Figure 47 shows a typical HUD layout.
HUD Schematic
Figure 47
14.16.3 Head-Up Display Computer (HUDC)
The HUDC receives data on the aircraft’s flight and navigational aids from the Aircraft Information System via the ARINC 629 data bus. It processes this information and generates the display graphics and outputs video pulses to the Head-Up Projection Unit (HPU) for the required display symbology. It also incorporates Built-In Test Equipment (BITE) for system self-monitoring and fault data storage.
14.16.4 Head-Up Projection Unit (HPU)
The HPU receives video pulses from the HUDC and uses these signals to generate the required display on to a LCD screen. The use of LCD technology offers additional graphic capabilities and a good quality of legibility of the symbology. The image from the LCD is projected via a mirror and various lenses on to the Combiner Unit.
14.16.5 Head-Up Combiner Unit (HCU)
The HCU consists of an optical unit (Glass Plate) which is mounted behind the aircraft’s windshield. The HCU reflects the projected image from the HPU towards the pilot. Whilst the superimposed image, which is focused to infinity, provides the flight crew with flight information, they can continue to observe external ground reference points during each phase of flight. The HCU is hinged so that when not required it can be stored away out of the pilot’s field of view. Figure 47 shows a HCU
Head up Combiner Unit (HCU)
Figure 48
14.16.6 Personalized Memory Module (PMM)
The PMM is used for storing the electronic bore sighting parameters for that particular aircraft. This involves an electronic process which aligns the optical reference of the HUD flight-deck equipment with that of the aircraft and this avoids the need to repeat the process should a HUD LRU be replaced. Figure 49 shows a schematic of an Airbus Industries Head-Up Display System.
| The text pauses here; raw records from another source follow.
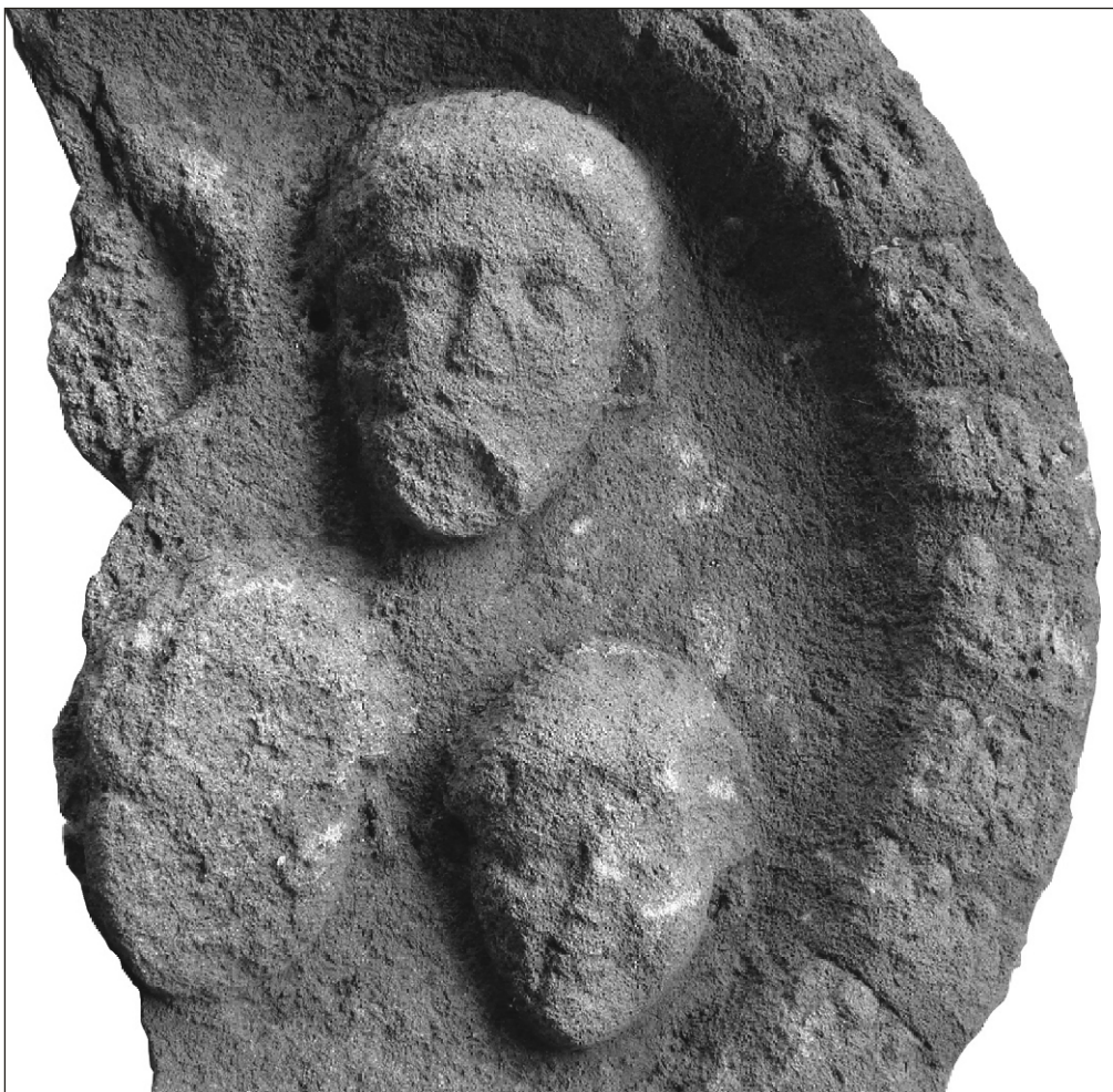
Fig. 1 b. Detaliu medalion funerar, depozit Roșia Montană. Abb. 1 b. Einblick des freistehenden Rundmedaillons Roșia Montană.
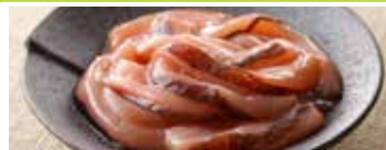
札幌〈味遊たくみや〉 厚切りいか塩辛 150g ..... 1,188円
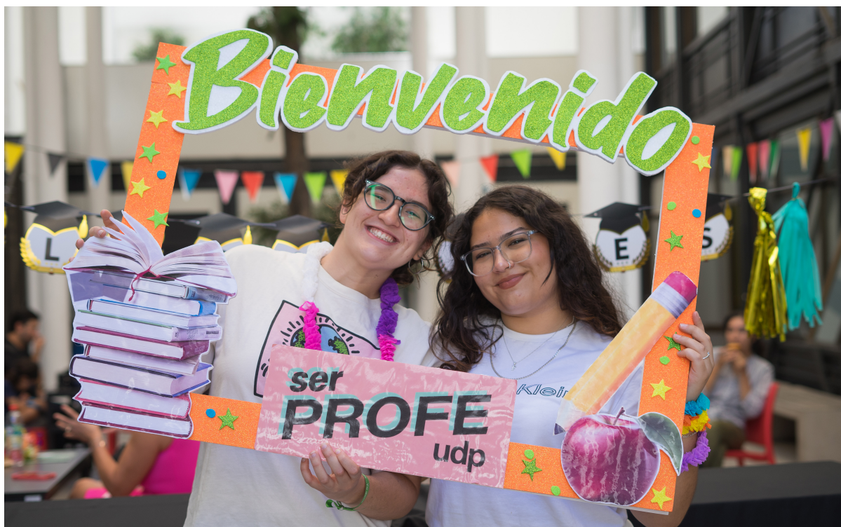
Bienvenida de Generación PATP 2023 Ser Profe UDP.

Esta diversidad destaca la necesidad de una evaluación y monitoreo continuos para alinear los PATP con las necesidades cambiantes del sistema educativo. Además, se requiere fomentar una mayor colaboración y estandarización entre las instituciones para maximizar el impacto de estos programas y garantizar que todos los estudiantes tengan oportunidades formativas equitativas. Así, el fortalecimiento de los PATP contribuye no solo a la formación de docentes de calidad, sino también al desarrollo integral del sistema educativo.
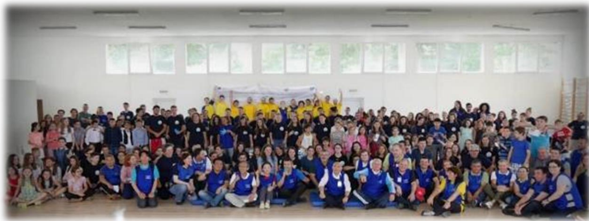
Poză de final
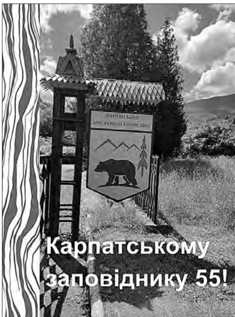
Карпатському заповіднику 55!

Карпатський біосферний заповідник створено на базі Карпатського державного заповідника згідно з Указом Президента України № 563 «Про біосферні заповідники в Україні» в 1993 р.
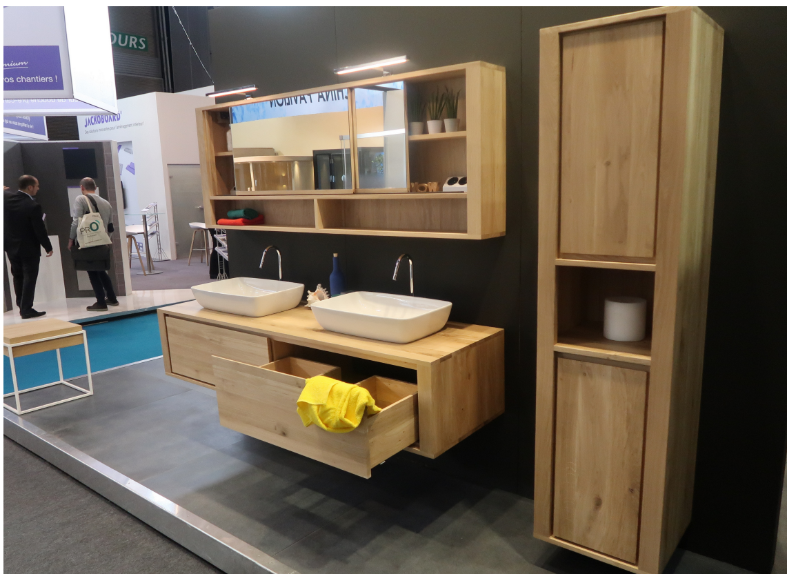
TRENDY MED TRE: Økende bruk av treverk i overflater og som konstruksjonsvirke preget flere utstillere på den franske messen.
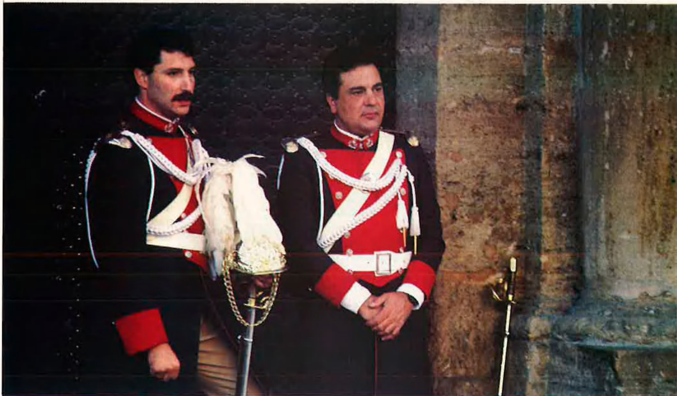
En ocasions la policia loca es un element decoratiu.
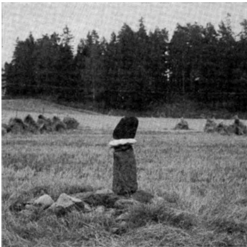
Kuva 7. Itä-Göötanmaan Rödstenin kunnan Rödsten on hämmästyttävän luonnontekoinen fallos.

jumin kurikan muodossa jo rautakautta edeltävään kulttuuriperinteeseen; eräistä viitteistä päätellen se on levinnyt pelloilta myös pyyntipaikoille.
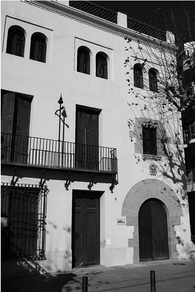
Fundació Pere Coromines a Sant Pol de Mar. Antiga casa d'estiueig de la família de Pere Coromines.
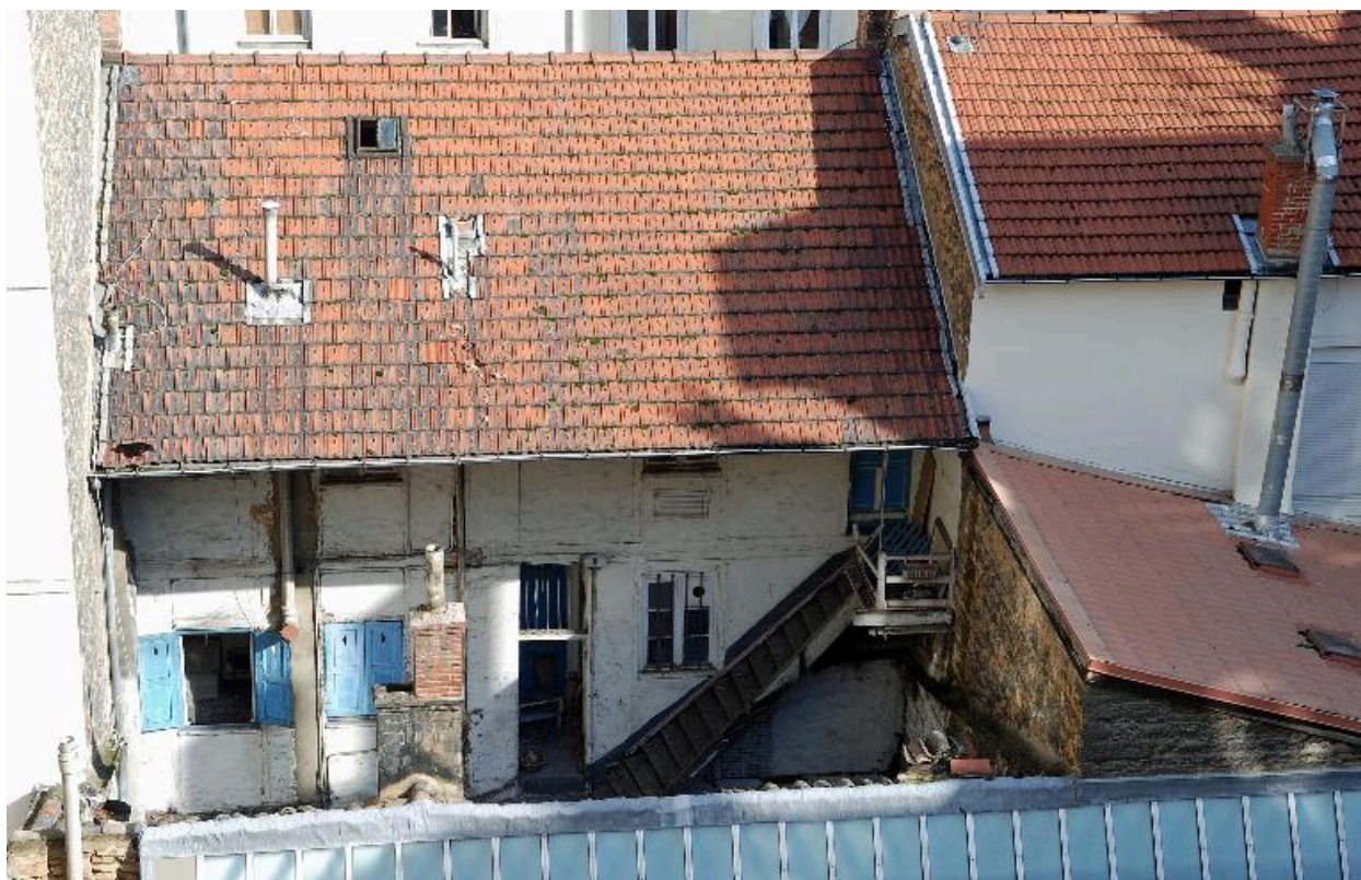
Vue générale de l'élévation sur cour
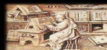
Como te ves tú mismo

HUD System (Airbus Industries)
Figure 49
14.16.7 HUD Symbology
The primary aim of the HUD symbology is to provide essential flight data and the information required for the safe and effective control of the aircraft. It is necessary for the symbology to accurately represent the outside (conformal) view, while not obstructing the outside view. The following items are unique to HUD symbology:
Conformal Elements – Some HUD symbols are designed to overlay the real world as seen by the pilot through the HUD Combiner Unit (HCU).
Viewing Position – The HUD is designed to be viewed from the flight-deck eye reference point and a head movement around this point called the “Eye Motion Box”.
Viewing into the Sun – The HUD is designed to be able to project symbology that can be seen against a very bright background (3400 Cd/m2). The pilots can also use a dedicated Sun-Visor to reduce the intensity of the sun and can set the brightness of the symbology so that it can be seen (or use an automatic brightness feature).
The core symbology of the HUD is the Attitude/Energy Box, which is composed of;
- Aircraft Attitude (Pitch, Roll, side-slip and heading).
- Flight Path Vector (FPV).
- The Total Flight Path Angle (TFPA).
- Airspeed Scale.
14.16.8 Flight Path Vector (FPV)
The FPV indicates the actual aircraft’s trajectory through the aircraft’s Flight Path Angle (FPA) as the longitudinal component of the aircraft’s drift angle as the lateral component.
14.16.9 Total Flight Path Angle (TFPA)
The TFPA is represented on the display by two chevrons which indicate the actual total energy of the aircraft (both Potential and Kinetic). It provides indications of the aircraft’s acceleration and deceleration. Along with the FPV, it assists the pilots is controlling the aircraft’s airspeed and flight path stability during an approach. Figure 50 shows FPA, TFPA & FPV indications.
FPA, TFPA & FPV Indications
Figure 50
The HUD system improves the flight crew’s situational awareness and therefore contributes to the safety of the aircraft is providing:
- Situational awareness for the manual visual approach and landing.
- Enhanced stability of a manually flown approach (Instrument and visual approach).
- Enhanced pilot situational awareness when close to the ground by showing confrontal trajectory related symbols superimposed to the symbols
superimposed to the external scene.
- Situational information for the monitoring of automatic approaches with Autoland Cat II & Cat III approaches.
Figure 51 shows a HUD display for an aircraft approaching the touchdown point.
HUD Approach Display
Figure 51